- [Exercise goal]: Restate, exactly as written, the entries below from the line that holds "대교협 조사 자료에 따르면" through the line that holds "其中住宅125万㎡,商业、办". Pictures are not part of the copy.

- [Records for this task]:
******

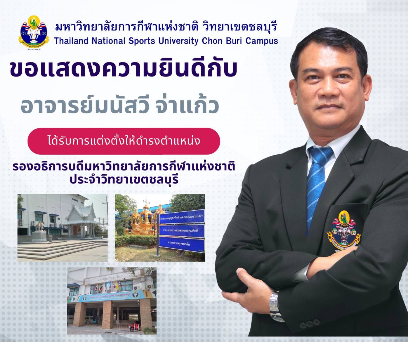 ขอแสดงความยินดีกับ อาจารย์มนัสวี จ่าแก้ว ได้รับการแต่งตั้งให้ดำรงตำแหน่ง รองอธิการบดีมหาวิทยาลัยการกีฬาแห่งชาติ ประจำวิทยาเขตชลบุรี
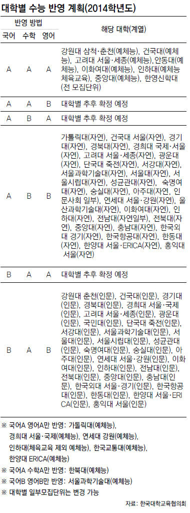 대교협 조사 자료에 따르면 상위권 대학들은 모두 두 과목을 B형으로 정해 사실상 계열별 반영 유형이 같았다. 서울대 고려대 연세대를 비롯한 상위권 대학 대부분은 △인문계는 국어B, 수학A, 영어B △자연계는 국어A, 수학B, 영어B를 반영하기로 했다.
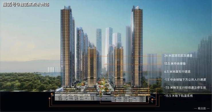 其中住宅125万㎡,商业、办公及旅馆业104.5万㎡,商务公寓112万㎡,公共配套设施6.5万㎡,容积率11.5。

******

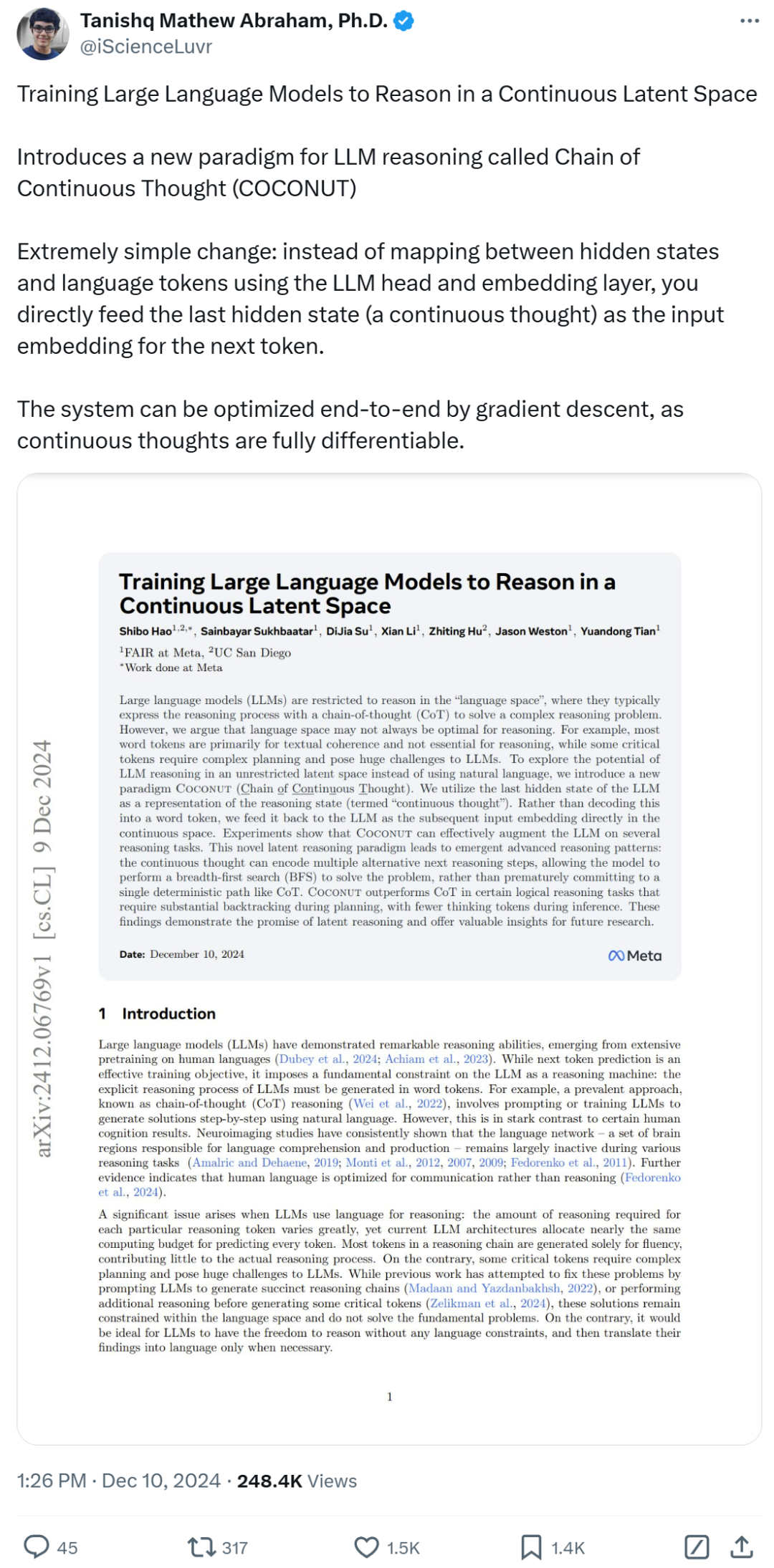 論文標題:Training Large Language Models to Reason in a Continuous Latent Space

******

- [Exercise result]:
 대교협 조사 자료에 따르면 상위권 대학들은 모두 두 과목을 B형으로 정해 사실상 계열별 반영 유형이 같았다. 서울대 고려대 연세대를 비롯한 상위권 대학 대부분은 △인문계는 국어B, 수학A, 영어B △자연계는 국어A, 수학B, 영어B를 반영하기로 했다.
 其中住宅125万㎡,商业、办公及旅馆业104.5万㎡,商务公寓112万㎡,公共配套设施6.5万㎡,容积率11.5。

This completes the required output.